Hot Press, we had it all wrong. Or at least our understanding of sodium balance and blood-pressure as a physico-chemical problem to do with hydrostatics was laughably simplistic. Actually it's all in the microbiome innit? I've had multiple occasions to write about the intestinal flora / microbiome - the 2kg / 100 trillion cell / 10,000 species menagerie that we tote around in our guts . . . with out-stations up the nose, down the uterus, in yer armpit and all over our skin. It seems that, although salt intake is very closely related to blood-pressure (and this is why we are begged to use less salt in our food) some people don't seem to respond to dietary salt in that way.
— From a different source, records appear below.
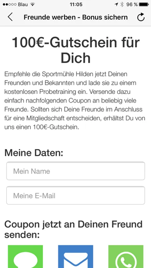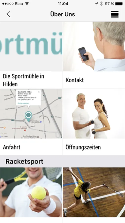 Informationen wie Club-Öffnungszeiten, Kontakt, Trainingstipps sind immer dabei und können sofort per Email an Freunde verschickt werden.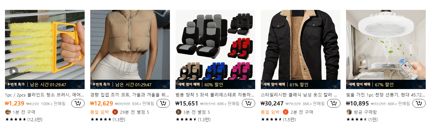 이렇게나 많은 상품들이 늘어져 있습니다. 알리와 함께 적극적으로 한국에 대시하고 있는 쇼핑몰 입니다.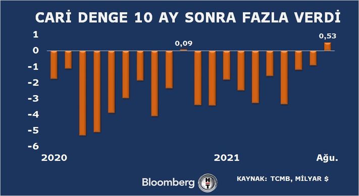 Cari denge Ağustos ayında 528 milyon dolar fazla verdi. Böylelikle Ekim 2020’den bu yana ilk fazla kaydedildi.

A group from Charité-Universitätsmedizin Berlin wondered whether the connexion between high salt diet and high blood pressure might have a microbial dimension.  The News & Views about the study from Nature 30 Nov 2017 [paywalled] is by David Relman a leading light in microbiome studies. Apparently the excess sodium leaks across the intestinal epithelium and inhibits the growth of one species of the normal flora of mice called Lactobacillus murinus. Apart from being rather sensitive to salt, these Lactobacilli metabolise a dietary amino acid tryptophan into indole. Indole leaks back across the epithelium and prevents the development of a class of key immuno-inflammation white blood cells called TH17 lymphocytes. These lads have a tendency to blurf out a pro-inflammatory cytokine called IL17 (hence the name of the cell). IL17 is a small molecule that promotes inflammation which is an essential part of fighting off infections and pathogens and one of its effects is to  annoy the inside of arteries so they swell up . . . which increases blood pressure. You will have gotten lost on the roller-coaster of consequences, so here it is in tabular form:
Input
Output
Cell
Cytokine
Effect
Conseq.
Salt
Indole
TH17
IL17
Inflam
BP
up
down
up
up
up
up
down
up
down
down
down
down
Who designed such a Heath Robinson brown-paper and string system? Mrs and Mrs Evolution, that's who. It worked fine when we were all hunting about the Serengeti. Salt was in desperate short supply back then - there were fights at the salt-licks because everyone needed enough sodium to service their muscles and nerves. Now otoh it snows salt, so it's no wonder that the carefully crafted regulatory system are thrown all ahoo.